#### EXERCISE INSTRUCTIONS
Starting at the line below with "თბილისი, 1905 წლის" and stopping at the line with "A mudança deverá", please print each line exactly, those two included, and skip every picture.

----------

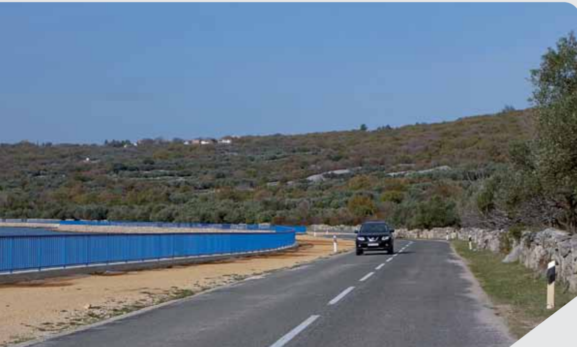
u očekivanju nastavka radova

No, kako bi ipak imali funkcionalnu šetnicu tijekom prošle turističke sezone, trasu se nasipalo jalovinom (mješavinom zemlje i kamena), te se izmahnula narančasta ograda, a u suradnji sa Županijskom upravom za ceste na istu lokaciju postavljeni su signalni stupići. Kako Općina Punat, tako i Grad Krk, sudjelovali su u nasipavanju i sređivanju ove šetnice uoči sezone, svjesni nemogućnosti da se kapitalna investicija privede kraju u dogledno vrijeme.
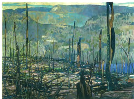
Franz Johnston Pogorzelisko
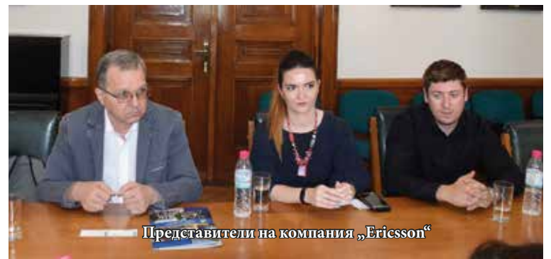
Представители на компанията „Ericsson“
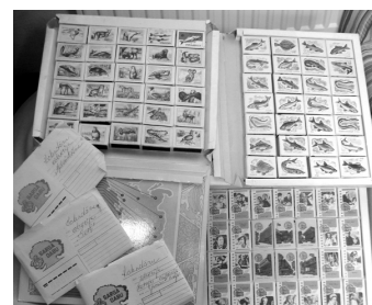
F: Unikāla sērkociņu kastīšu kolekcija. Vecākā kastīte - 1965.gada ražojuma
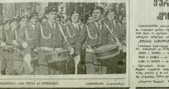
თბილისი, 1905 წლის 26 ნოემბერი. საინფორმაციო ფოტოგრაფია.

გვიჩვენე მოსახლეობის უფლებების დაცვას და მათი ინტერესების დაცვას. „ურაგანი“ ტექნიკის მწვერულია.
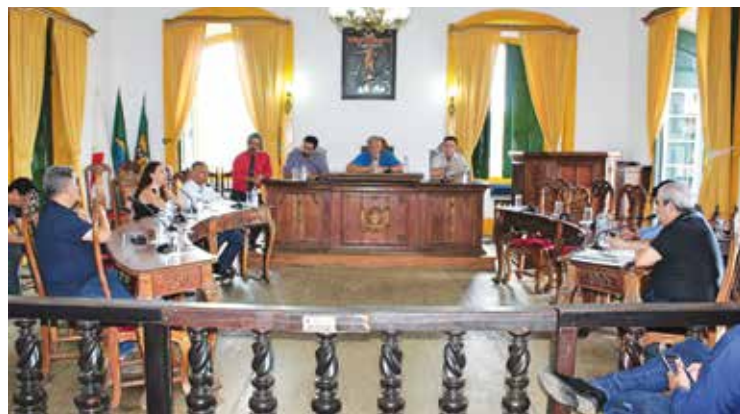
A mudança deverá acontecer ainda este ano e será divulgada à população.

----------

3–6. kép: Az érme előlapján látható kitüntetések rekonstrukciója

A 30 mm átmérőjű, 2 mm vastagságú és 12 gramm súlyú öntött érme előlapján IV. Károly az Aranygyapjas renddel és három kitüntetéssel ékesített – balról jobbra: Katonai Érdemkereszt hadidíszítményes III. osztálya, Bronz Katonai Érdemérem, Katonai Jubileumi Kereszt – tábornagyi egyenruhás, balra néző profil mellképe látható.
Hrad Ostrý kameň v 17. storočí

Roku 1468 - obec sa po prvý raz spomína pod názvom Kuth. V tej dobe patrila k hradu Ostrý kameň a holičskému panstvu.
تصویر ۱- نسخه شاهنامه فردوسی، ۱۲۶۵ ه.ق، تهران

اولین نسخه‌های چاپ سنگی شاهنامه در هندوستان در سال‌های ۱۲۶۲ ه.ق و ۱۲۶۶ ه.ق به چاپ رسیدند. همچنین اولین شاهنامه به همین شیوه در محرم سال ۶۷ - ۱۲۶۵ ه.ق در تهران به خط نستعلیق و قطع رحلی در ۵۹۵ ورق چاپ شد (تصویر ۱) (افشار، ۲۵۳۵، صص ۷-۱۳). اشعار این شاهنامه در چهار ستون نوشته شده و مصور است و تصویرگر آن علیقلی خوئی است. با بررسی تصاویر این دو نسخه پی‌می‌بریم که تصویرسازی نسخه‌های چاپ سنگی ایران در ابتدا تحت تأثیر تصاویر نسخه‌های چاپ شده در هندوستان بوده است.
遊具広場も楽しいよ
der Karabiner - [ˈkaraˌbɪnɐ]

----------

#### TASK ANSWER
თბილისი, 1905 წლის 26 ნოემბერი. საინფორმაციო ფოტოგრაფია.

გვიჩვენე მოსახლეობის უფლებების დაცვას და მათი ინტერესების დაცვას. „ურაგანი“ ტექნიკის მწვერულია.
A mudança deverá acontecer ainda este ano e será divulgada à população.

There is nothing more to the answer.